あらすじなど
父・母・長女・次女・三女・長男という構成の6人家族、宮坂家の物語。

三女「こと子」(19歳・ニート)の目線で日々の暮らしや家族行事(誕生日会やクリスマス、正月など)、子供達それぞれの恋愛や学校生活についてのお話が進んでいきます。

ルールを守ることを重んじる父の風潮によって作られた実在するかのような生活感は"よそのおうち"を見ているような雰囲気が味わえます。

秋~春にかけての様子が描かれているので冬になると読みたくなる作品です。


律っちゃん
私が大好きな登場人物は長男「律」(中学3年生)。卒業間近ですので少年から青年へ十分に成長している頃合いだと思われますが、末っ子のために姉達からはまだまだ"小さな弟"として可愛がられています。
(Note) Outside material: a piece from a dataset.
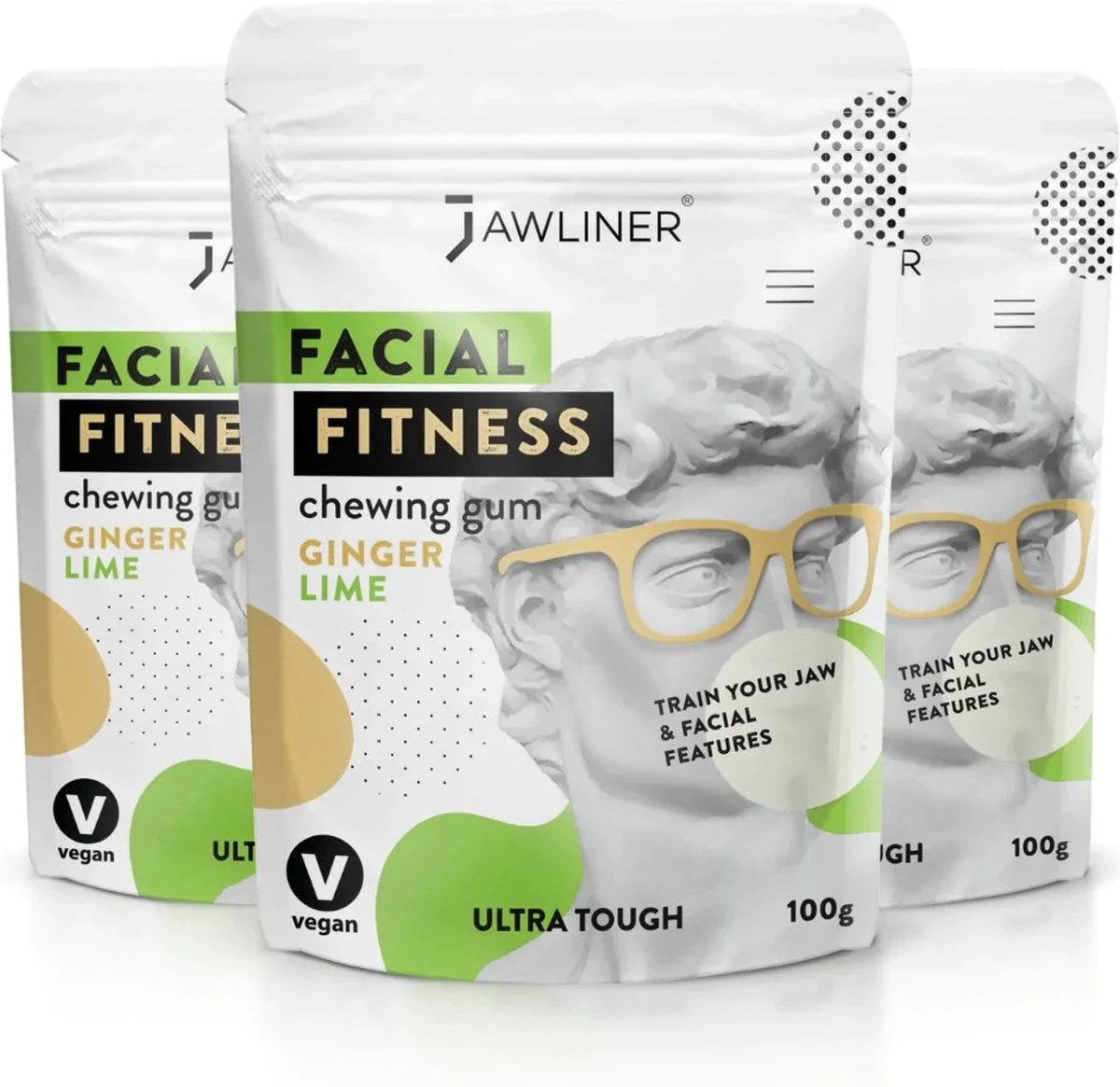De kauwgom voor een mooie kaaklijn, train je hele gezichtsspierstelsel met ’s werelds eerste fitnesskauwgom. Simuleer hard kauwen met de hardste kauwgom ter wereld en geniet van het positieve effect van een goed getrainde en gedefinieerde kaaklijn.

長女「そよちゃん」(主婦)からは「律っちゃん」と呼ばれています。

人形造りに没頭するような子で、口数少ないのですが、きちんと自分の世界を既に持っていて、宝石ならオパールが好きだという稀有なところが気に入っています。
大概の15歳男子は真珠とダイヤモンド、ルビー・サファイア(ポケ●ンのタイトル)くらいしか知らないですもの。律っちゃん、よく知っていますね、可愛いですよ。

未婚ですし恋人もいないですが、私にもし子供ができたら同じ名前をつけたいほどに好きです。 ジェリーフィッシュやペットショップボーイズを聞いているところ、合理性を求めて宿題は学校で終わらせてくるところ、世界の国旗を覚えているところ、もう全部が大好きです。


ファッション
登場人物の雰囲気にあった服装が描かれているところもこの作品の魅力です。

主婦でおっとりしている「そよちゃん」は、マーガレット・ハウエルの紺のワンピースを着たり、ベージュのスラックスに黒いセーターを合わせたりする清潔感の中にも可愛らしさのある素敵主婦感。

次女「しま子ちゃん」(社会人)は、(一昔前の)会社員らしく「ユキ・トリヰ」のスーツ、セリーヌだかフェラガモだかの派手なスカーフ。香水はブルガリです。

主婦であることに誇りをもつ母は外では緑のコートやチャコールグレイのスーツ、家ではグレイのセーターに黒のスラックスと、外と内での区別をはっきりとさせている装い。

こと子目線のため、こと子自身の服装は言及されないのですが、部屋にプーさんの身長計りが未だに貼られているので、きっとずっと好きでいられると思えるようなお洋服を厳選して大切に着ていると思います。


すーんとするの」
他にも、おすすめポイントがあります。

例えば、食事風景。家族生活が描かれている上で欠かせないですし、こと子が食事作法である挑戦をしているということもあり、多く描かれています。こちらは宮坂家独自の風景であったりルールが強く出ていて面白いです。

ふわっとしていてお菓子作りが得意だという甘やかな雰囲気のそよちゃんが放つ「お互い半分殺しあったのよ」という刺激的な台詞も印象深いです。

江國さんの文章は小さくて細やかな生き方や嗜好をも大切に拾い上げてくださるところが私は好きです。この作品内でいえば、雨の日はどこか寂しいと感じる感性や、何年もずっと停留所の名前を勘違いしていたという気付いたときには衝撃ですが、でも小さくていつか忘れてしまいそうな思い出など……。江國さんの作品は他にも好きな作品がたくさんあるのでまた書きます。

家族というモチーフは本当に面白いと思います。個人的であり、社会的でもあり、どこにでもあるのですが閉鎖的な空間。
学校・職場・恋人・友人・政治などどのようなモチーフも家族というモチーフがもつ戯曲感は越えられないのではないのでしょうか。
これからも私は読書を通じて他人の家族を盗み見見ることがやめられないだろうな、と思います。  




それではまた来週水曜日に。 上条凛




流れ星読了後のススメ流れ星
①映画『美女と野獣』(ジャン・コクトー監督)をご覧あれ。作中に母の好きな映画として出てきます。舞台を見ているかのような雰囲気が素敵です。ラストのコクトーらしい問いかけによって、愛についてやベルという女性の人間性について考えさせられます。

②「エアコン」は「エアコンディショナー」とこれからは呼びませう。